- Supervisor of Doctorate Candidates
- Supervisor of Master's Candidates
- Name (English):Youjin Deng
- Name (Pinyin):Deng Youjin
- Administrative Position:Professor of Physics
- Professional Title:Professor
- Alma Mater:BEIJING NORMAL UNIVERSITY
- Teacher College:物理学院
- Discipline:Theoretical Physics
- Research Field
Theory of phase transitions and critical phenomena plays an important role in condensed matter theory and statistical physics. The theoretical study has been carried out in two different but interactive paths. One path is constructed of various rigorous results, which include Onsager's exactly solution of the Ising model, Coulomb gas theory, renormalization theory, conformal field theory, Schramm-Loewner evolution etc. The other path makes use of the increasing power of computers, leading to the development of many effective computational methods, of which Markov chain Monte Carlo (MCMC) method is a nice example. Designing novel MCMC algorithms, especially cluster-type methods, and their applications have been hot topics for decades and will continue to show their effectiveness.
Quantum simulation is a quickly developing field in recent years. Computational results contribute to the understanding of behaviors of many-body quantum systems, as well as support experimental explorations.
Novel efficient algorithms and their applications in statistical physics
We've developed Markov chain Monte Carlo algorithms that can simulate both classical and quantum models, such as percolation, Ising, Potts, O(n) loop, and quantum Ising model. Certain algorithms can simulate curved space, or effectively deal with canonical ensembles.
We've observed the dynamical critical behaviors of some famous algorithms, e.g. Sweeny algorithm, Swendsen-Wang algorithm. Interesting new phenomena have been found, such as multi-time scales and the critical Speeding-up.
Transfer matrix and its applications
Generally speaking, transfer matrix technique gives much better results than Monte Carlo method for two dimensional classical and 1+1 dimensional quantum systems, but it can hardly deal with large systems due to limitation of computational resources. We've employed transfer matrix to observe phase transitions of Potts model in two dimensions.
Diagrammatic Monte Carlo method
Diagrammatic Monte Carlo method is a recently developed method for simulation of quantum systems. In this method, the Feynman diagrams are weighted elaborately, which may make it a candidate for alleviating the sign problem considering some Fermi systems. Employing the diagrammatic methods, we are currently working hard towards the Fermi-Hubbard model, worm-type simulation of J-Q model, multi-component Bose systems etc.
Critical finite-size scaling in canonical ensembles
In experiments, many systems undergoing phase transitions are subject to external constraints such as the conservation of particle numbers in a mixture. Such systems are described in terms of canonical ensemble, and thus typically display a behavior different from that of unconstrained models, which are described by the grand canonical ensemble. The underline mechanism of such systems can be attributed to the so called Fisher renormalization. We've developed efficient cluster algorithms and studied the constrained systems such as the Blume-Capel model, Baxter's hard-square model, and the integer Potts model with vacancies. We have also studied the finite-size behavior of several systems near critical or tricritical point.

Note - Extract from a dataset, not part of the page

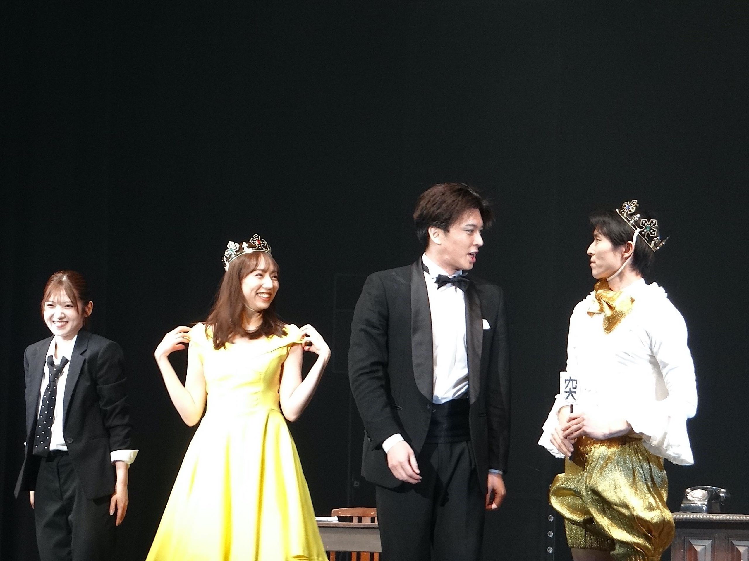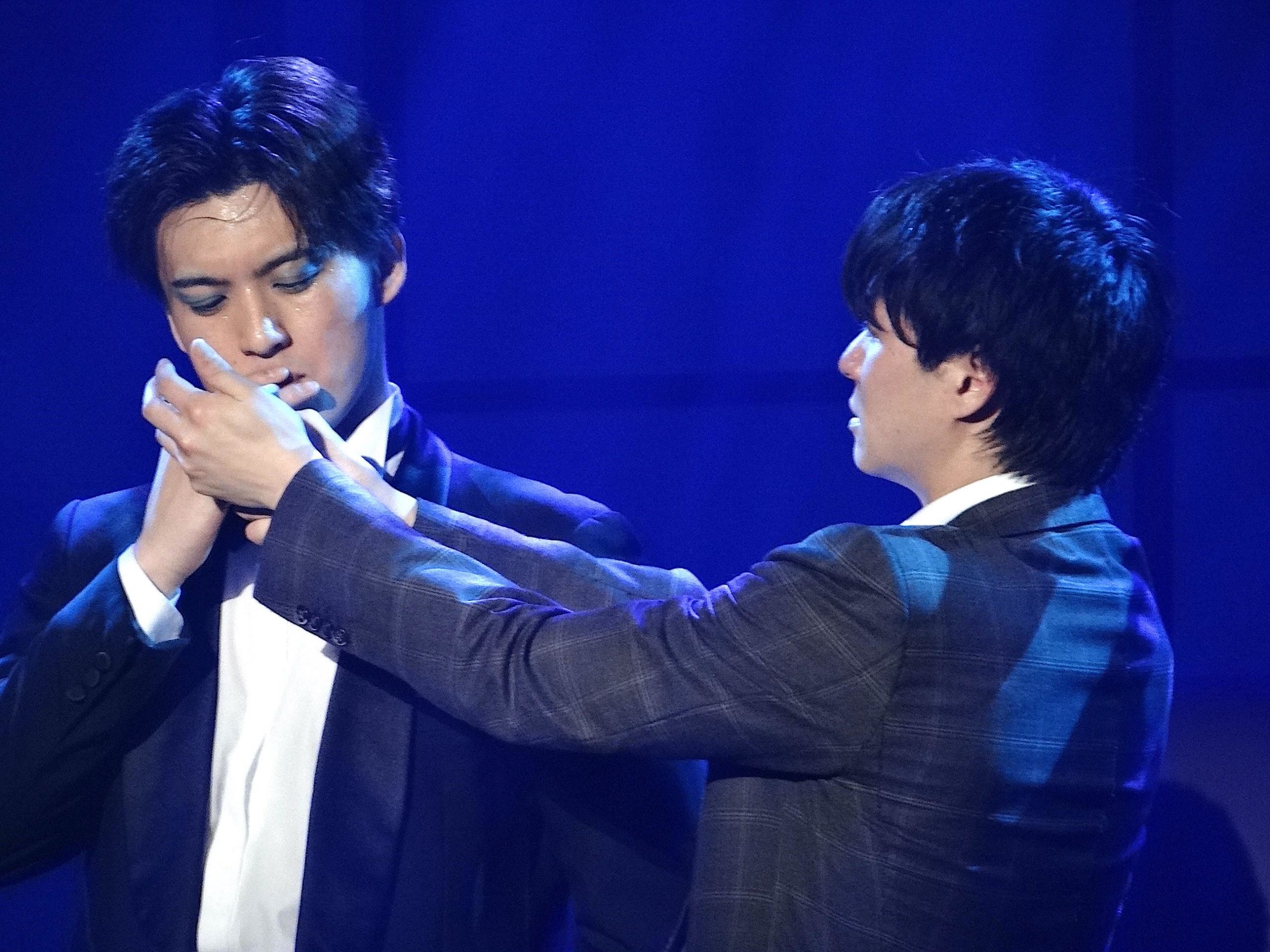 ホテルのオートロックを開ける愉快な場面では、舞台袖にいた百名を、荒井が無理やり引きずり出し(?)無茶振り! しかし、そこは高橋を巻き込み、以前に高橋が見せたネタ(?)を披露、こちらも息ぴったりのコンビっぷりで見事に応え、笑いが起こる。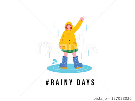 穿著雨衣、拿傘的女孩/雨季/向量手繪線描插畫

Conformal invariance in two or higher dimensions
Conformal invariance relates closely to the geometrical aspects of phase transitions and critical phenomena. In two-dimensional classical systems and quantum systems in 1+1 dimensions, conformal invariance is very powerful and has lead to a large number of exact results. We've developed efficient algorithms and systematically study conformal invariance in two or higher dimensions.
Geometric properties of critical systems
Geometric description of fluctuations at and near criticality has a long history, which dates back to the formulation of phase transitions in terms of the droplet model. Phase transitions and critical phenomena in many statistical models can be observed from geometric aspect. For instance, Potts model can be mapped onto the random-cluster model, and the susceptibility of the former is related to the cluster-size distribution of the latter. The Mott-to-superfluid transition in the Bose-Hubbard model can be characterized by the winding number of the world lines of the particles. We've conducted extensive research in the geometric properties of critical systems, many fractal dimensions has been calculated theoretically or numerically. Models we usually studies include percolation, Potts, random cluster, O(n)loop model etc.
Surface phase transitions
We've investigated critical surface phenomena of many systems. Especially, we've observed the pseudo-one-dimensional phase transition, and found that even in two-dimensional systems with short-range interactions, rich critical surface phenomena occur due to the fact that the edge spins are correlated through the critical bulk.
With the developments in the field of atomic and molecular physics, researchers are able to engineer lots of quantum systems. Real-time control over features such as lattice structure, density, level of impurities and disorder, and interactions are within our abilities. In cooperation with coworkers in the Quantum Physics and Quantum Information Division, HFNL, we are conducting theoretical and computational exploration on quantum information processing and simulation of many-body quantum systems with cold atom and optical lattice.
Besides the topics introduced above, we've also been working on others problems in statistical physics and related fields, for instance, defining new models and studying their properties.